━━━━━ DATA FOR REVIEW ━━━━━

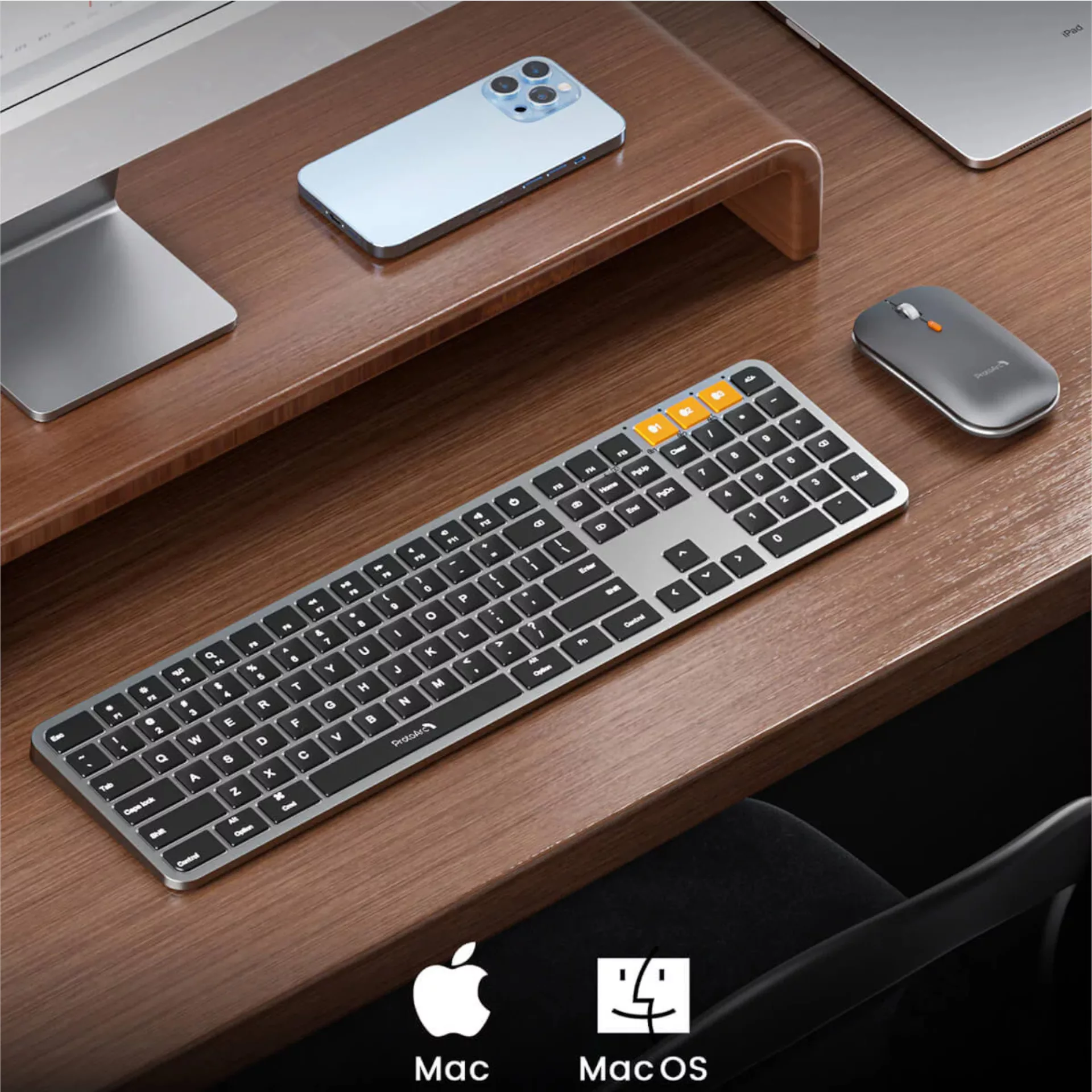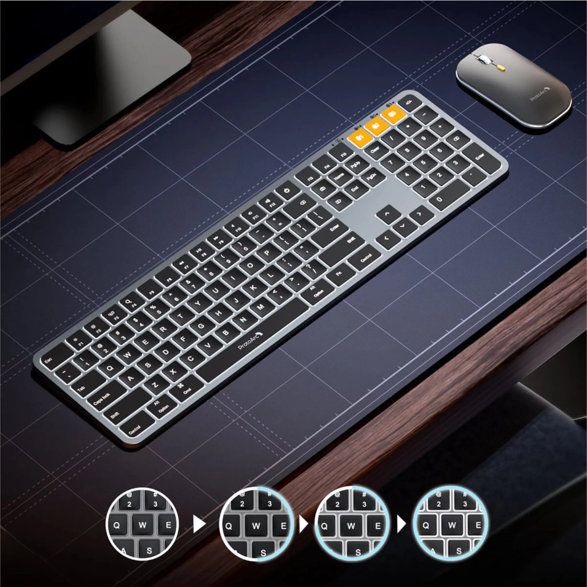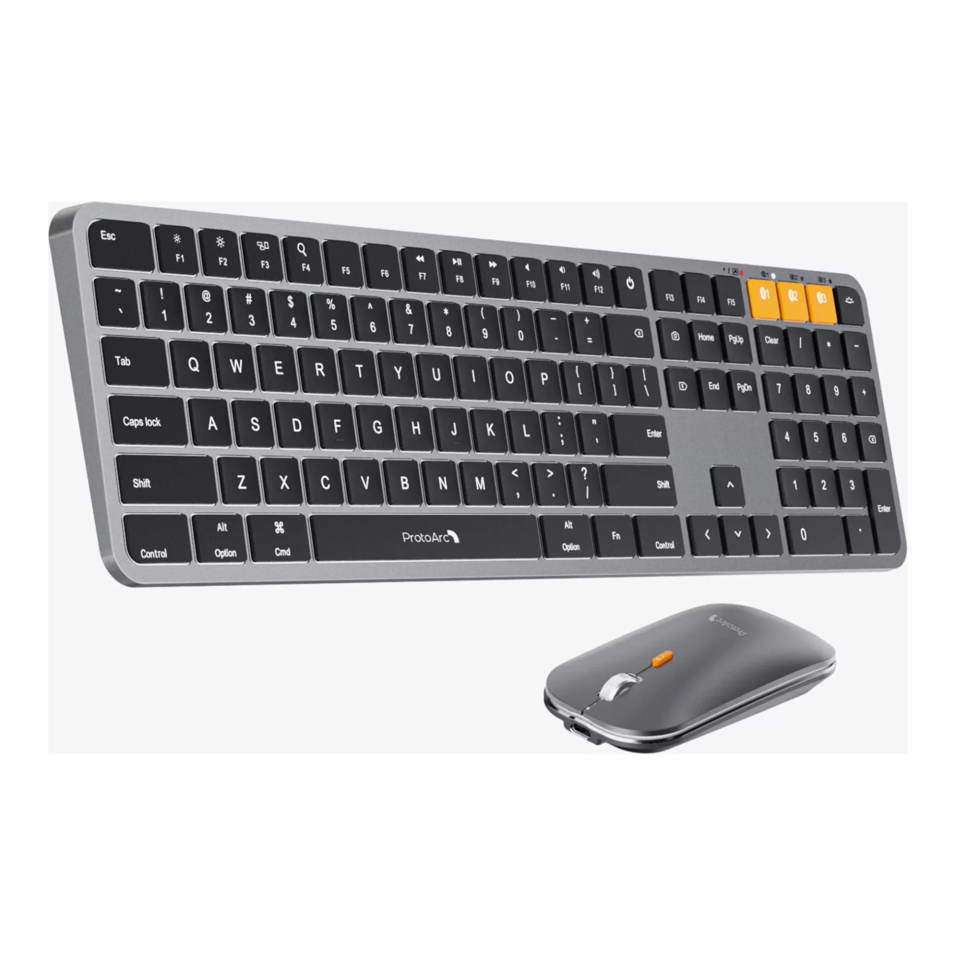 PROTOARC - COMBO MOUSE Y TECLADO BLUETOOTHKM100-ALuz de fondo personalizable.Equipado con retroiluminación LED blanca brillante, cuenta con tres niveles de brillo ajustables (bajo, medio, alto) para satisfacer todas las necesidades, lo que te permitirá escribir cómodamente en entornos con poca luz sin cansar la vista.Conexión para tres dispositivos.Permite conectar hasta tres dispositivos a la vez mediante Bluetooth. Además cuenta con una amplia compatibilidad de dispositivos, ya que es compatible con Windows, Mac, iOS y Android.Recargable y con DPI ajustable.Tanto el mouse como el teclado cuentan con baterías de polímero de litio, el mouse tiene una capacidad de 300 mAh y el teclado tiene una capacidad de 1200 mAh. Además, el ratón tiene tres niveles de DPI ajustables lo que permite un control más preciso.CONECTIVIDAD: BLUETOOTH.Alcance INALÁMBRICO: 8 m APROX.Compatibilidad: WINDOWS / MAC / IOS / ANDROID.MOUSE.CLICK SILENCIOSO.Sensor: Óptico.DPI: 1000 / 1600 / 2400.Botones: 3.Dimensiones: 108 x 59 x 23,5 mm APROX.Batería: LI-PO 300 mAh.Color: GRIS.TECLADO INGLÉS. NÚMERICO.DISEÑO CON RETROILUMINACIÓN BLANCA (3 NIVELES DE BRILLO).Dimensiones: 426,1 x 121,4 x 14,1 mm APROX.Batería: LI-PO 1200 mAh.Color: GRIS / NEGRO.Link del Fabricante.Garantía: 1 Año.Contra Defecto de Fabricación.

━━━━━
━━━━━ DATA FOR REVIEW ━━━━━

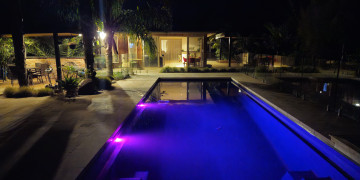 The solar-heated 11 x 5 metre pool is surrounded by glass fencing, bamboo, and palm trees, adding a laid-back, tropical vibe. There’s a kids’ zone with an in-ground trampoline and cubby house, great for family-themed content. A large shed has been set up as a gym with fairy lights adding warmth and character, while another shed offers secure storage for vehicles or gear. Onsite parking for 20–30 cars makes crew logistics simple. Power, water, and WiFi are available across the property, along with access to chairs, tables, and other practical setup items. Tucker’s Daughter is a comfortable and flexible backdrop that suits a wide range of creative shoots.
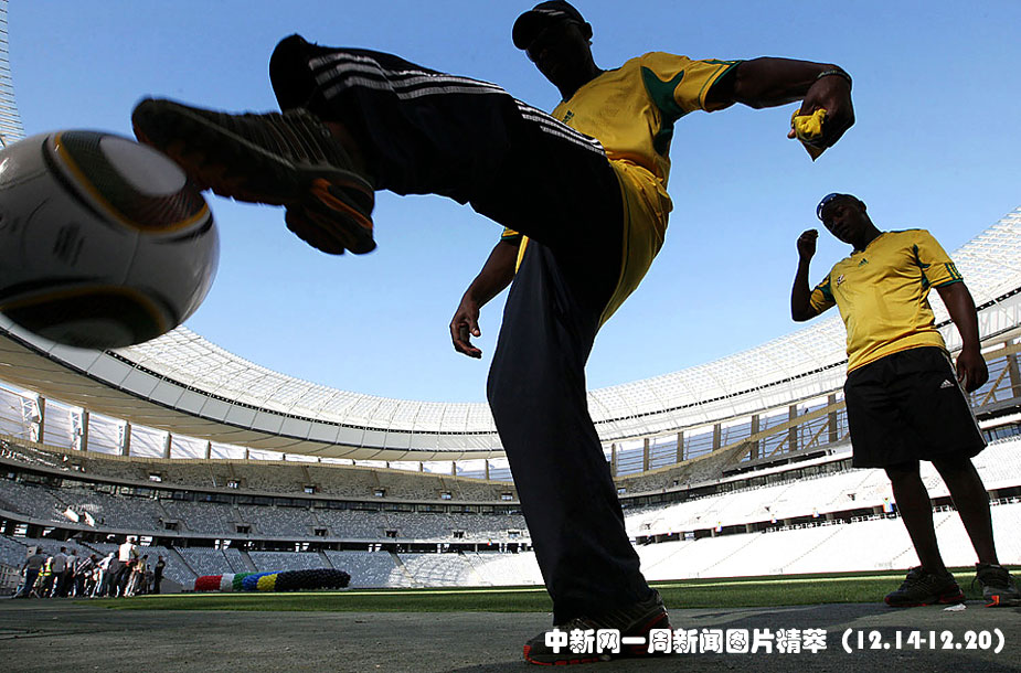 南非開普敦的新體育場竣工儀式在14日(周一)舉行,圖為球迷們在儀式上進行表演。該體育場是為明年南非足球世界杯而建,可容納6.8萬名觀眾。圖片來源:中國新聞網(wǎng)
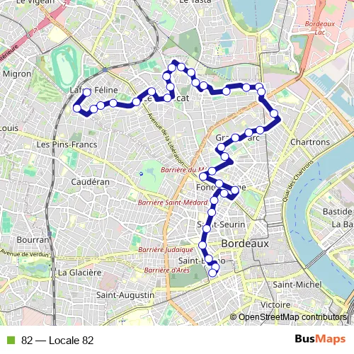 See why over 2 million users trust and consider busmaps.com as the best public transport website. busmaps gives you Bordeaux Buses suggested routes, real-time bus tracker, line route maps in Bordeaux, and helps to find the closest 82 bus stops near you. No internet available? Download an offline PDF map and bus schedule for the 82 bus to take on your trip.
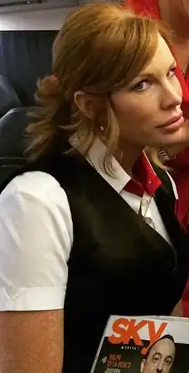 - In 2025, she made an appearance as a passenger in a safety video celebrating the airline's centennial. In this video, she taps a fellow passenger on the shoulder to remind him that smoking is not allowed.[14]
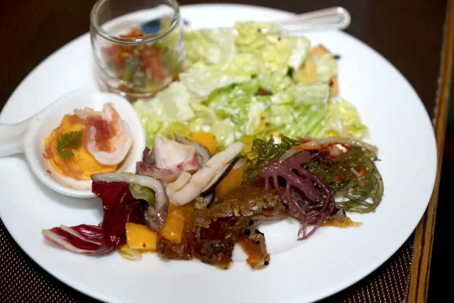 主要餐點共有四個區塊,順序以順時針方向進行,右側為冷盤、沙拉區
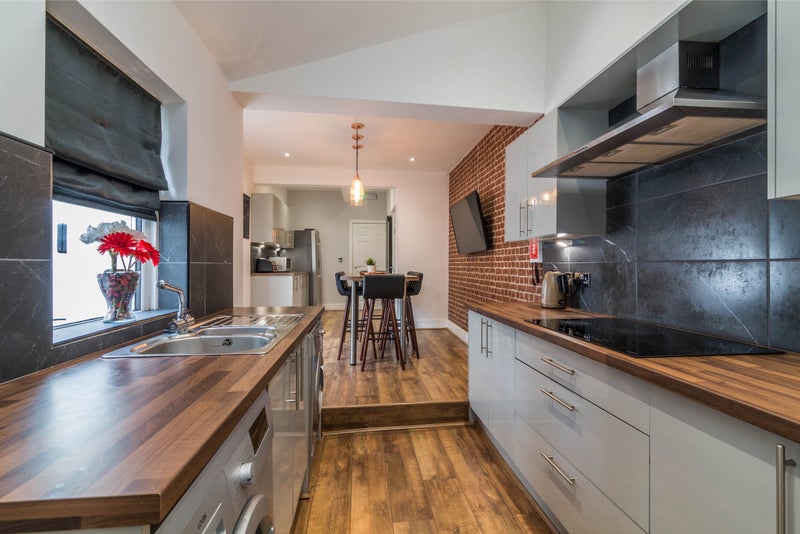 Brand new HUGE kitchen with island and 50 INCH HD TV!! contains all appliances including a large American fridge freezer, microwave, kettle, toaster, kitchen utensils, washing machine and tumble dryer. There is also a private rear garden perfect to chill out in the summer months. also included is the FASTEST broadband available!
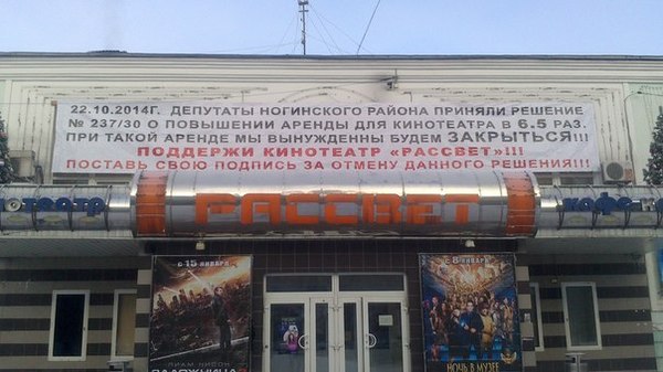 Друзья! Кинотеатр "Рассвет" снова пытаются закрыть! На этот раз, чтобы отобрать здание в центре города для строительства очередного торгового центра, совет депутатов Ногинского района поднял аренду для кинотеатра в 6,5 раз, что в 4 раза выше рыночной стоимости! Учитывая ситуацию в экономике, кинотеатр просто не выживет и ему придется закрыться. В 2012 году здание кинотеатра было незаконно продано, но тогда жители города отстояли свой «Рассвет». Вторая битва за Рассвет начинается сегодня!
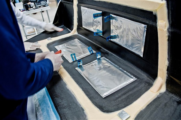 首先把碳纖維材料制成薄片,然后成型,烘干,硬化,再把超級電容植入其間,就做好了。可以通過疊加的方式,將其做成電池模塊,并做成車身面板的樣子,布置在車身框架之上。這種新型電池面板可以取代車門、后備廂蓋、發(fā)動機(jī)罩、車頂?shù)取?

━━━━━
━━━━━ DATA FOR REVIEW ━━━━━

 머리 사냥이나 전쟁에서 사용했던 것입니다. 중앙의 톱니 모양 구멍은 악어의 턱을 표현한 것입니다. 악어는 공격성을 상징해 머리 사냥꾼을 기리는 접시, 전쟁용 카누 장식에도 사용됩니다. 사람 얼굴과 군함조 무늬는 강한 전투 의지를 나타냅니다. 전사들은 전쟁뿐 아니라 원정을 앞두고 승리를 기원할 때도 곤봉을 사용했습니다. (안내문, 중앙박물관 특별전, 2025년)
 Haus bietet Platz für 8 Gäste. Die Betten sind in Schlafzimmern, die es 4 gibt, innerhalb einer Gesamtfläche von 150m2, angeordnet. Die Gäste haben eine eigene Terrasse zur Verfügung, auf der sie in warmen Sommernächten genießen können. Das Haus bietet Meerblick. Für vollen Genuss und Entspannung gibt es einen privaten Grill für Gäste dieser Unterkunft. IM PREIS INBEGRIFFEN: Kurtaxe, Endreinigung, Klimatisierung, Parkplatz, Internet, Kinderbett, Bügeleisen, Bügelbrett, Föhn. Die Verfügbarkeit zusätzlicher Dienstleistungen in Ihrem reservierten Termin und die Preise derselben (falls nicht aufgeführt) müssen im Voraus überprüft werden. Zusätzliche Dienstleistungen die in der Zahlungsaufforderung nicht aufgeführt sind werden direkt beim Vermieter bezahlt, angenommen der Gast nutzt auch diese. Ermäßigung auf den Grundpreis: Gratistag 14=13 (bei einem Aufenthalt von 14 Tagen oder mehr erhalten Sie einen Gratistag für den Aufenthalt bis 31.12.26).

━━━━━

> [THE TASK] Only one part of the material above is wanted: the lines from the one with "- In 2025, she" up to and including the one with "Brand new HUGE". Please copy them exactly, pictures left out.

> [ANSWER BELOW]
 - In 2025, she made an appearance as a passenger in a safety video celebrating the airline's centennial. In this video, she taps a fellow passenger on the shoulder to remind him that smoking is not allowed.[14]
 主要餐點共有四個區塊,順序以順時針方向進行,右側為冷盤、沙拉區
 Brand new HUGE kitchen with island and 50 INCH HD TV!! contains all appliances including a large American fridge freezer, microwave, kettle, toaster, kitchen utensils, washing machine and tumble dryer. There is also a private rear garden perfect to chill out in the summer months. also included is the FASTEST broadband available!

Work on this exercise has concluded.